Welcome to the homepage of CROCODILE simulation project! CROCODILE simulation have been run with the GADGET4-Osaka code (Romano et al. 2022a, 2022b; Oku & Nagamine 2024), a proprietary modified version of the public GADGET-4 code (Springel et al. 2021). GADGET4-Osaka uses TreePM to solve for gravity and the pressure-based entropy-conserving formulation of smoothed particle hydrodynamics (SPH) to solve for hydrodynamics. The SPH implementation includes artificial viscosity using velocity field reconstruction, artificial conduction, and a wake-up timestep limiter to ensure capturing subgrid physics effects in hydrodynamics.

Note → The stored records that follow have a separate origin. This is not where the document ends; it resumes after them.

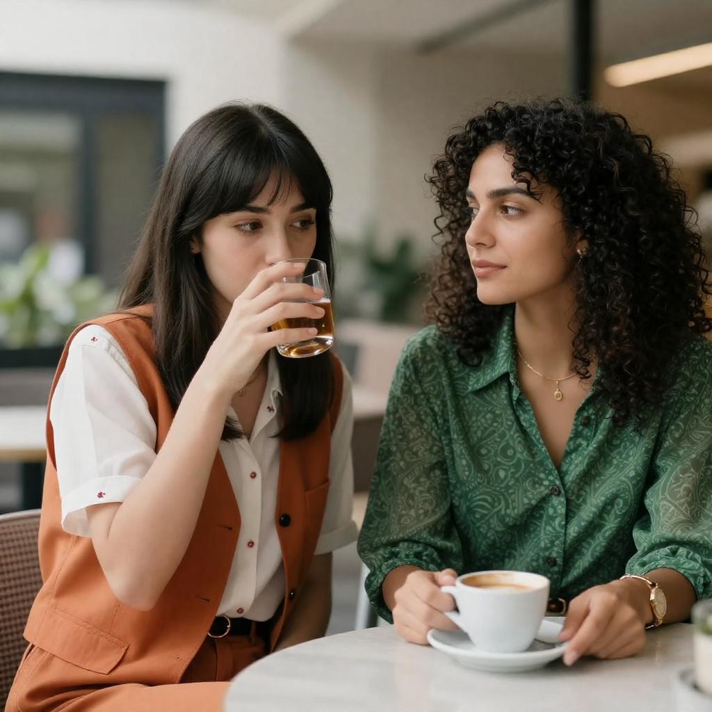 Photograph of three people in a casual café. A man in a white shirt sits left, smiling. A woman in a white tank top sits center, drinking from a glass. A man in a red tank top sits right, smiling. A server in a white shirt stands behind them. A table holds bowls, a red vase with an orange flower, and a coffee cup. A floral painting hangs on the beige wall in the background.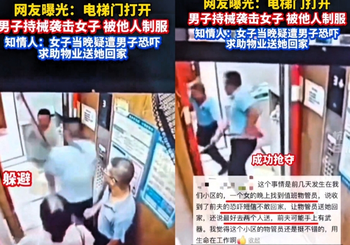 太惊险了!江苏南京,一女子担心被报复,特地请求物业两人护送回家,谁知电梯门一开,一把斧头竟“呼”地砸了过来!那一瞬间,她甚至来不及尖叫。还好物业小哥反应神速,一个飞扑锁喉将歹徒死死按住——而此人,正是她那个家暴又出轨、被判净身出户的前夫。网友:这物业费交的值! 7月20日杭州网的报道,没想到电梯门打开的一瞬间,竟然会是一把斧头呼啸而至,让电梯里的女子和两名物业的安保人员惊慌失措,两名物业保安人员,连忙上前抢夺成功男子手里的斧头,成功的将其制服在地! 原来这名男子和这个女子是相互认识的二人,俩人曾经还是美好的夫妻二人,但是经过长时间的相处,他们二人的婚姻越来越不顺,俩人的婚姻也宣告了失败,走向了离婚! 然而离婚之后的女子并没有得到她想要的自由,因为自从离婚之后,她一直在遭到前夫的骚扰,并且不断的发送手机短信等消息恐吓他,对此女子感到十分的害怕! 其实他们二人选择离婚完全是因为男子的缘故,因为在他们结婚期间,女子经常遭到男子家暴,因为男子又特别严重暴力倾向,对与前夫所发送的恐吓短信,女子感到十分的害怕,因为她的前夫知晓她所居住的地方,并且前夫声明自己在她的家门口蹲守! 站在小区门外的她迟迟的不敢返回家中,眼见天色已晚,害怕至极的女子选择了前往小区物业的办公室,告诉了自己的担忧,想让物业保护她返回家中,对此物业的管理人员,安排了两名物业保安前去进行护送! 于是就在小区电梯门打开的一瞬间,女子的前夫抡起了他手中的斧头,朝着刚刚打开门的电梯挥去,幸好物业的两名安保人员反应迅速,躲开了这致命的一击,俩人心领神会的上前将男子手中的斧头抢夺,并且将其制服在地! 这件事情很快被曝光在了网上,视频一经发布,在网上迅速地,引起了众多网友的热议: 有的网友称道:“给这两个物业公司的小伙子见义勇为奖,已经超出了物业的职责,直接变身保镖了,这是救命!与持刀歹徒搏斗,保护人民,这就是见义勇为。” 还有的网友说道:“这个男的对离婚可能一直在想很冤,可能这个女的在婚姻存续期间也有过错,所谓的家暴为什么产生,原因有多方面,清官难断家务事,处理不好,容易留下后遗症。男的受惩是必然的,但治得了人,能否治得了心就难说了!” 那么,对于这件事,大家有什么看法? 信源:杭州日报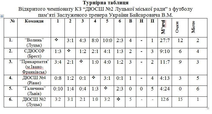 Відкритий Чемпіонат КЗ “ДЮСШ №2 Луцької міської ради” з футболу, присвяченого пам’яті старшого тренера-викладача з футболу Байсаровича Володимира Миколайовича відбувся у Луцьку.
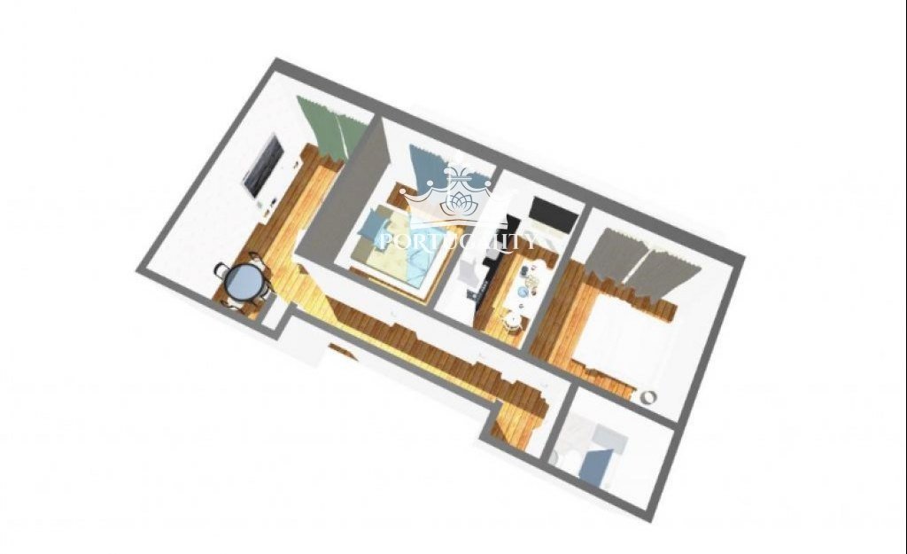 Apartment T2, completely renovated with 71m2 and balconies, very well located in the next to the University campus, housed in a building recovered with 2 elevators and communal roof terrace with RIVER VIEW, equipped: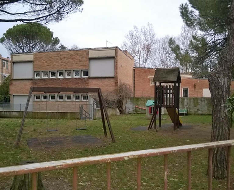 Il centro sociale nasce come servizio al quartiere INA Casa “Campana”, progettato all’inizio del secondo settennato del piano Fanfani da P.M. Lugli, coordinatore di un gruppo a cui appartiene, tra gli altri, l’architetto romano Sergio Lenci che si occupa della progettazione ed esecuzione dell’edificio. Il centro sociale è situato in posizione baricentrica, all’interno di una delle aree verdi previste nel cuore del complesso residenziale, impostato su una planimetria a ventaglio simmetrica. Il fabbricato rappresenta, come sottolinea A. Samonà, un esempio dell’integrazione casa-servizi perseguita dai quartieri Ina-Casa e non sempre realizzata.
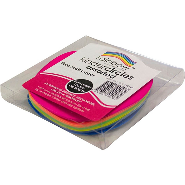 RAINBOW KINDER SHAPES PAPER CIRCLES 85GSM 120MM FLURO ASSORTED PACK 100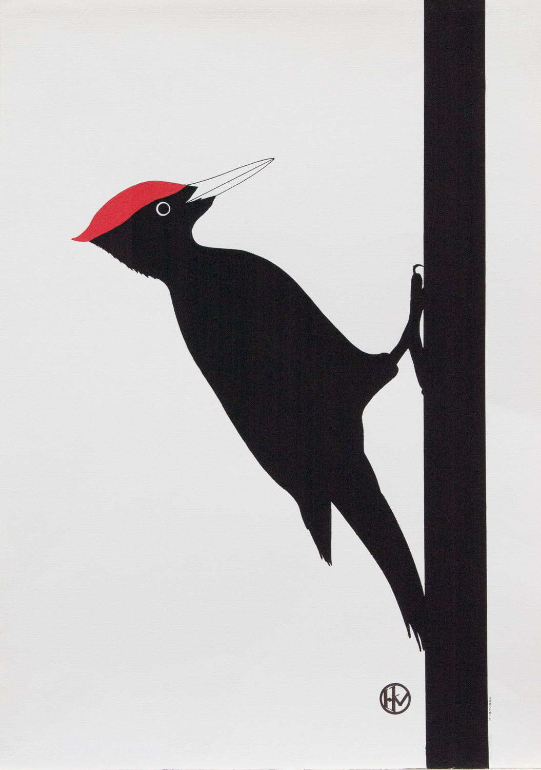 Zwarte specht aan boomstam. Gouache met afmeting 70 x 50 cm. Prijs € 400,-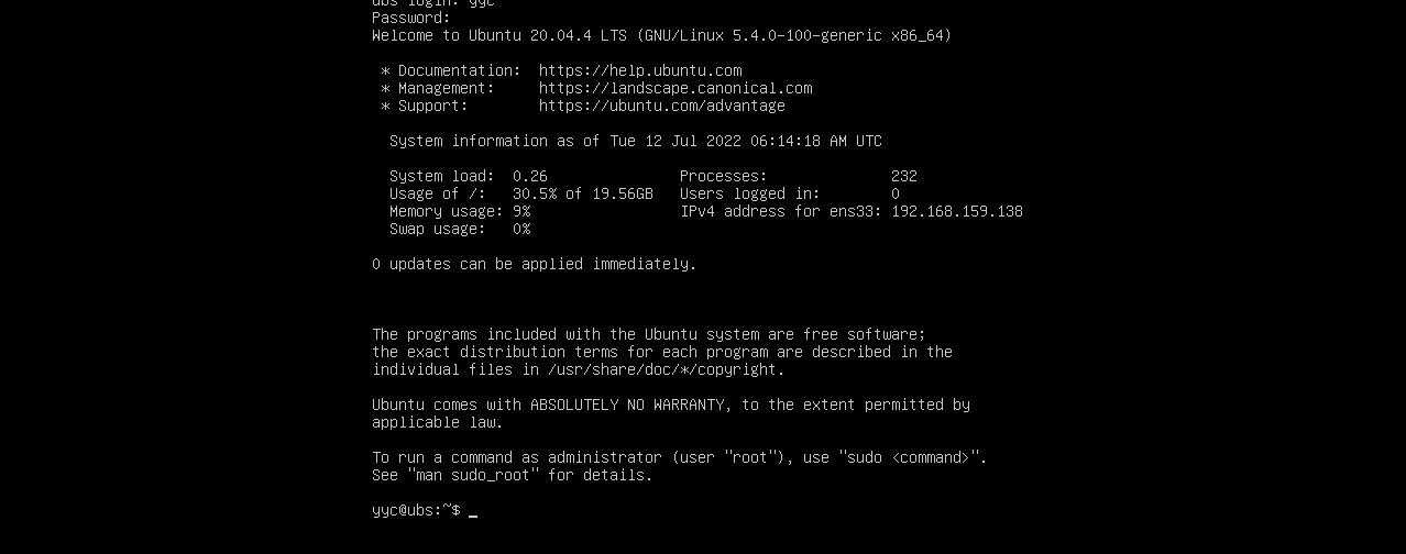 정상적으로 우분투 서버가 설치된 것을 확인할 수 있다!

The CROCODILE implementation of galaxy formation physics includes radiative cooling and photoionization, star formation, stellar evolution considering a metallicity-dependent stellar initial mass function and hypernova fraction, dust evolution, stellar feedback, and supermassive black hole (SMBH) formation and feedback. Radiative gas cooling is implemented using the Grackle cooling library (Smith et al. 2017) with the ultraviolet background radiation of Haardt & Madau (2012). A non-thermal pressure floor is applied to prevent unphysical fragmentation. Dust production and destruction are modeled on-the-fly with 30 dust-size bins considering the diffusion of dust and metals (Hirashita & Aoyama 2019; Aoyama et al. 2020; Romano et al. 2022a). The stellar feedback includes supernova momentum input and galactic wind, which are modeled based on high-resolution simulations of superbubbles (Oku et al. 2022; Oku & Nagamine 2024), as well as enrichment of 12 metal elements due to type-II and Ia supernovae and AGB stars implemented using the CELib chemical evolution library (Saitoh 2017). The mass, energy, and metal loading factors of the galactic wind are taken from the TIGRESS simulation (Kim et al. 2020). The SMBH growth rate is based on the torque- and Eddington-limited Bondi rate, and the associated AGN feedback is modeled as a stochastic thermal energy dump (Rosas-Guevara et al. 2015; Schaye et al. 2015; Crain et al. 2015) similarly to EAGLE simulations, but with varying parameters. The details of the CROCODILE subgrid model are described in the original paper by Oku & Nagamine (2024), which introduces a simulation set with varying combinations of both SN and AGN feedback.